For me, it helps to remember that we are God’s children. But not in the sense of perfectly well-mannered little cherubs silently sitting in church with folded hands; but instead more like Lord of the Flies, where we’re essentially left to our own devices and chaos often rules the day.
Having children myself, I often hear that wonderful “Why?” for a variety of reasons. Most days it’s asked around the topic of bedtime, as in “WHY do I have to brush my teeth?” even though they’ve brushed teeth at every bedtime since they can remember. Or almost always when the timer for screen-time goes off, I will hear “WHY do I have to turn the screen off?”
Yet how often do people cry out in anguish that exact same question when a loved one dies, or after a big loss? Just like children, as if we didn’t know the timer of life was set, and going to run out at some point sooner than we’d like, we resist what’s happening and try to “reason” with God.
My dear children will also ask me “why” questions that give me the immediate urge to say “Because I said so!” yet always require further explanation. “Why do I need to go to bed?” or “Why do I need to brush my teeth?” are questions that any mature adult could readily answer, yet children don’t have the foresight or maturity to understand the consequences of their own actions, and thus questions such as these are incomprehensible to them. So telling them “you’ll understand when you’re older” is entirely unsatisfying to them.
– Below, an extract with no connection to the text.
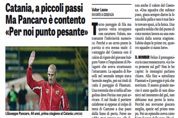 “Terzo pareggio di fila ma questa volta strappato con carattere. Voluto, nonostante l’inferiorità numerica. Perché a un certo punto la partita si era messa male: il vantaggio del Cosenza con il calcio di rigore del giovane bulgaro Vutov e l’espulsione di Pelagatti che aveva strattonato l’attaccante. La squadra di Roselli nel secondo tempo stava facendo meglio, poi sui titoli di coda il pareggio di Plasmati. Una sventola che si infila all’angolino dove Perina non può arrivare. E nel finale il portiere calabrese si oppone al colpo di testa di Caetano a due passi dalla linea di porta. Forse sarebbe stato troppo ma, alla fine, il punto è meritato. SOLLIEVO «Non era facile. Però – esordisce Pancaro in sala stampa – alla fine siamo stati premiati. Non era semplice su questo campo, per come si era messa la partita. Però abbiamo dimostrato di avere un grande carattere. Punto meritato e pesante». Decisiva la prodezza di Plasmati. «Lo vado dicendo da tempo che Gianvito lo vedo in crescita. Sta bene e ci darà una grande mano in questo girone di ritorno. Un gol da grande attaccante qual è: tanta rabbia e una potenza indescrivibile». L’allenatore del Catania sottolinea anche il valore del Cosenza. «Una squadra che subisce poco, gioca sempre dietro la linea della palla e non è mai facile trovare spazi, si fa fatica. Una squadra solida che dal punto di vista tecnico lavora su una continuità dalla scorsa stagione. Subito dopo le prime tre, quattro squadre ci siano loro». IL BOMBER Felice il protagonista in casa rossoazzurra. «Le loro proteste sul gol? Non le ho capite: le immagini parlano chiaro. Alla fine – sottolinea Plasmati – il pareggio è più che meritato. Il nostro grande merito è stato quello di non disunirci nel momento del gol, non abbiamo mai perso la testa. Perché noi avevamo giocato meglio, specie nel primo tempo. Poi un episodio aveva cambiato il corso della gara. Ma alla fine credo che torniamo a casa con un ottimo risultato, e un grande merito va alla squadra perché ha dimostrato di volere questo pareggio. Ci prendiamo il punto, su un campo molto difficile». Il Catania saluta anche il ritorno in campo di Bastrini dopo la lunga assenza. «Non vedevo l’ora di tornare, non ce la facevo più a lavorare solo in palestra. Finalmente torno a giocare a calcio, che è la cosa che più mi pace fare. Sono contento per aver strappato un punto Cosenza. La vittoria arriverà. Nel ritorno il Catania dimostrerà di essere grande»”. Questo quanto si legge sull’edizione odierna de “La Gazzetta dello Sport”.

In the final analysis, are we really any different? Just because our questions are more complex, or seemingly unanswerable, doesn’t mean that a bit more spiritual maturity, experience, or foresight will help us understand what seems incomprehensible. Yet it’s all too easy to dwell on these questions, and to take the lack of a satisfying answer as the absence of one.
So recently I’ve started to act a little bit more like I would love my children to act: in perfect faith in the wisdom of their father. After all, God has already shown me enough to know that I don’t know everything, or really anything for that matter. And when I put my faith in Him, I immediately feel better about everything. Then, looking back on all the times I had faith, versus all the times I doubted, the pattern makes a strong case for more faith going forward, because whatever has happened has always worked out for the best, and time has solved almost all of my confusion from those experiences. I also realized that when I want to say to my children “because I said so,” I could just as easily say “because I love you,” for the simple reason that everything I do for them, pleasant and unpleasant, comes from a place of love. Now with new confusion over new experiences, do I really imagine things will be any different? Perhaps this time around, when the voices in my head cry out “But WHY?!” I’ll look up at my Divine Mother and Heavenly Father and, just to try something new, say “because God loves me and wants me to be free, and that’s good enough for now.”